I tried to do a metadata dump before running the -L option, but that hung for
several hours too, so figured it wasn't going to complete. The file size on
the metadata target file was zero.


Once I had /var mounted, I was able to look at the messages in the log which
referred to _xfs_buf_find: Block out of range errors.

It seems these errors happen once a filesystem is already corrupted, it
means we are looking up for data which clearly we know is not possibly
there, as such one possible reason for these invalid lookups is a corruption
could have happened before this on the filesystem. The error then is likely
an after-thing effect of looking for files on an already faulty fs.

These occurred when
logrotate was trying to swap logs around. It was still writing logs against
my main system messages file (I use syslog_ng vs systemd journal logging)

Ah good to know! Sounds like you could likely try to write a mini script or
program to try to reproduce this! Based on your description the way I'd
write such a script is as follows:

Write a multithreaded program which issues tons of writes with / without
sync onto a log file, while another thread moves the main "log" file. You
must sync the threads handling writes to the log file between the thread
which moves the log file file around.

Think of it, an alternative is to just use a daemon which issues tons of
writes to the system log file and configure your log manager to just rotate
logs very very very frequently.

If you can reproduce this with a super small partition you are my hero :D

I'll see what I can do, unfortunately have a daughter with medical issues
that's currently consuming much of what little free time I had.

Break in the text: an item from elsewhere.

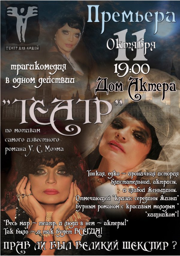 Театр відбудеться 11 жовтня 2012, 19:00, четвер в Будинок Актора. За допомогою сервісу internet-bilet.ua, Ви зможете з легкістю забронювати, замовити та купити квитки на концерт, спектакль, оперу, балет, майстер-класи, спортивні та дитячі заходи, що Вас цікавлять, оплативши їх найбільш зручним для Вас способом: через інтернет банківською карткою VISA/MasterCard, готівкою або кур'єром, якщо зробите замовлення квитка з доставкою.
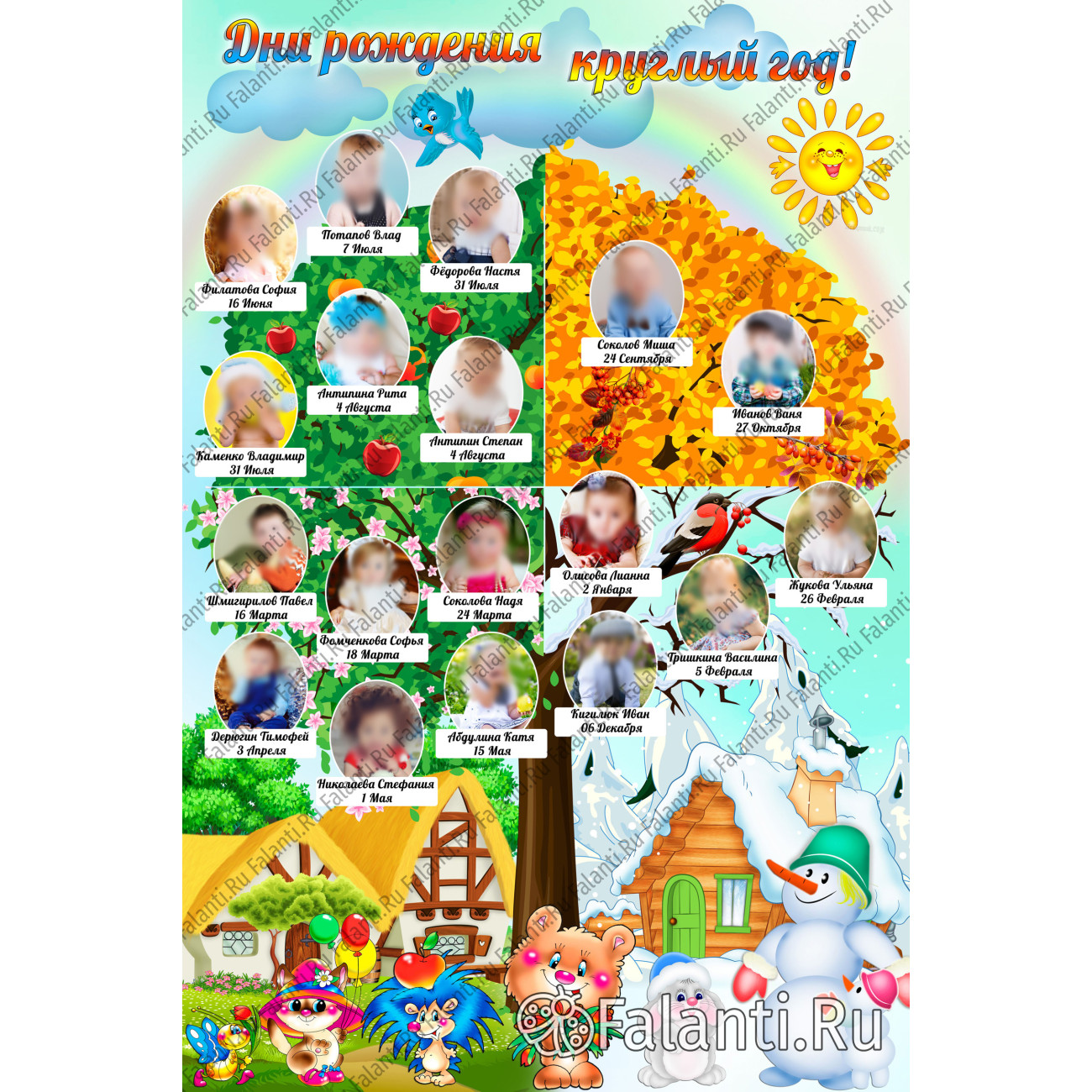 Этот плакат — не просто декоративный элемент, а настоящий праздник для именинников и их друзей. Он разделён на четыре секции, каждая из которых символизирует одно из времён года. Такая концепция позволяет детям лучше ориентироваться в сезонах и запоминать даты рождения своих друзей.

up until the point I power cycled the system so I guess it had sufficient
allocation on that file without requesting more. As squid had stopped
working, along with logins, etc, I expect the /var file system failure was
preventing opening and/or writing other logs (thus appearing locked up).

Very likely, yes, a write could be stalling the system, and such writes
prevent daemons from doing anything useful. Which should also mean log
managers should probably seriously consider a log_optional() or so which
would only log if possible but if they can't it will not block operations.
This should allow logins to complete provided other system files needed for
the service are functional. Specially for sshd. I'd consider filing a FATE
request for this to be evaluated.

Best I can tell based on the SMART results (I have smartd running) and lack
of any other kernel warnings of disk failures, this does not appear to have
been a disk failure.

Show the results please. No new errors at all??

Nothing that I could see. The error log is empty.

shadows:/home/dtaylor # smartctl -a /dev/sda
smartctl 6.2 2013-11-07 r3856 [x86_64-linux-4.1.36-44-default] (SUSE RPM)
Copyright (C) 2002-13, Bruce Allen, Christian Franke, www.smartmontools.org

=== START OF INFORMATION SECTION ===
Device Model: ST3320413AS
Serial Number: W2A7A966
LU WWN Device Id: 5 000c50 045752f4a
Firmware Version: JC66
User Capacity: 320,072,933,376 bytes [320 GB]
Sector Size: 512 bytes logical/physical
Rotation Rate: 7200 rpm
Device is: Not in smartctl database [for details use: -P showall]
ATA Version is: ATA8-ACS T13/1699-D revision 4
SATA Version is: SATA 3.0, 6.0 Gb/s (current: 6.0 Gb/s)
Local Time is: Sun Jan 29 13:54:33 2017 EST
SMART support is: Available - device has SMART capability.
SMART support is: Enabled

=== START OF READ SMART DATA SECTION ===
SMART overall-health self-assessment test result: PASSED


shadows:/home/dtaylor # smartctl -l error /dev/sda
smartctl 6.2 2013-11-07 r3856 [x86_64-linux-4.1.36-44-default] (SUSE RPM)
Copyright (C) 2002-13, Bruce Allen, Christian Franke, www.smartmontools.org

=== START OF READ SMART DATA SECTION ===
SMART Error Log Version: 1
No Errors Logged


There were a total of six dumps within several seconds, all referencing the
same PID (logrotate). Here's the first one. I'll attach an edited copy of
the log that contains more details plus reboot information for those who
need/want to know. I did try and clean up unnecessary noise from the
attached log as well as identifying bits that I didn't think needed publicly
posted.

Oct 29 01:00:05 shadows kernel: XFS (dm-9): _xfs_buf_find: Block out of
range: block 0x7fffffff8, EOFS 0x1000000 Oct 29 01:00:05 shadows kernel:
[665260.471535] XFS (dm-9): _xfs_buf_find: Block out of range: block
0x7fffffff8, EOFS 0x1000000
Oct 29 01:00:05 shadows kernel: [665260.471581] ------------[ cut here
]------------
Oct 29 01:00:05 shadows kernel: [665260.471626] WARNING: CPU: 3 PID: 4863 at
../fs/xfs/xfs_buf.c:473 _xfs_buf_find+0x2a1/0x2f0 [xfs]()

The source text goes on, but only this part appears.